Diharapkan, Tim Transisi segera merampungkan tugas dan kewenangan mereka
sehingga pembekuan PSSI bisa dicabut dan kita memulai awal baru kebangkitan
organisasi serta prestasi sepak bola nasional.
Meski
untuk sementara mencetak empat gol, pertandingan belum berakhir. Tim Jokowi
tidak sempurna karena masih memiliki berbagai titik lemah yang mesti dibenahi
untuk bertahan sampai peluit akhir ditiup wasit masa pemerintahan berakhir.
Dan,
sebagian titik lemah itu mulai tampak nyata di mata kita, para penonton.
Mungkin, salah satu titik lemah tersebut adalah kekompakan Tim Jokowi, sebuah
kesebelasan yang relatif terbilang yunior karena baru sekitar tujuh bulan
bertanding.
Oleh
karena itulah muncul desakan dari berbagai pihak agar Jokowi mengganti pemain
alias merombak kabinetnya. Namun, di pihak lain ada mantra never change the
winning team.
Kita tahu
Jokowi lebih memilih merombak kabinet setelah bekerja selama satu tahun.

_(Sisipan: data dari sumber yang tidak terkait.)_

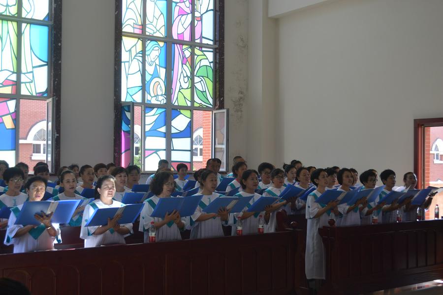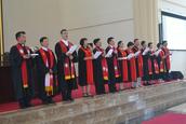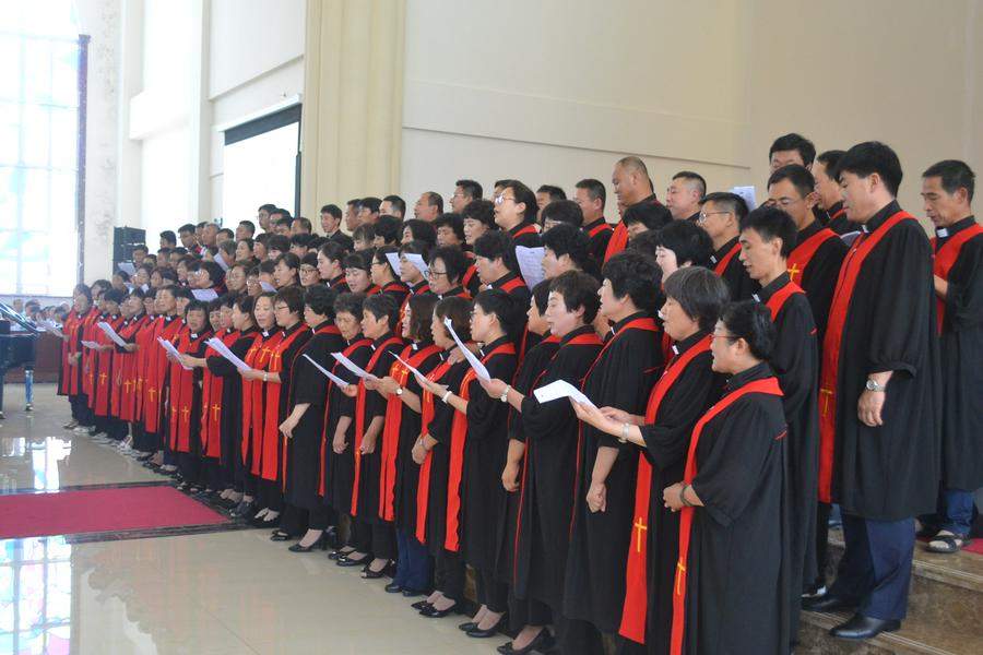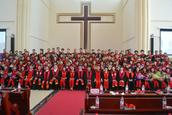 按立结束后,新按立的102位牧者一起献唱了由侯玉洁牧师作词作曲的诗歌《接受神圣职分》,按立团的13位牧者献唱了《一切献上歌》。

Dan,
suka atau tidak, masa satu tahun itu tepat dan telah mencukupi untuk menurunkan
para pemain cadangan.
Perlukah
Jokowi merombak kabinet sebelum satu tahun? Ya atau tidak bagi dia ini ibarat
déjà vu yang pernah dia jalani sejak masa kampanye pilpres sampai pembentukan
Kabinet Kerja pada Oktober 2014.
Pada
rentang waktu itulah kita lihat dan saksikan semua tokoh kubu Koalisi Indonesia
Hebat (KIH) berhiruk pikuk tentang "kabinet kerja", "kabinet
ramping", "kabinet profesional", dan sebagainya. Pada akhirnya,
suka atau tidak, yang terjadi hanyalah apa yang dinamakan dengan "kompromi
politik".
Kompromi
politik itu biasanya tak lepas dari negosiasi antartokoh dan antarpartai. Untuk
kasus pilpres lalu, kompromi politik bahkan melibatkan kepentingan donatur dan
relawan.
Tidak ada
yang keliru dengan fenomena ini karena politik adalah juga ajang berkompromi.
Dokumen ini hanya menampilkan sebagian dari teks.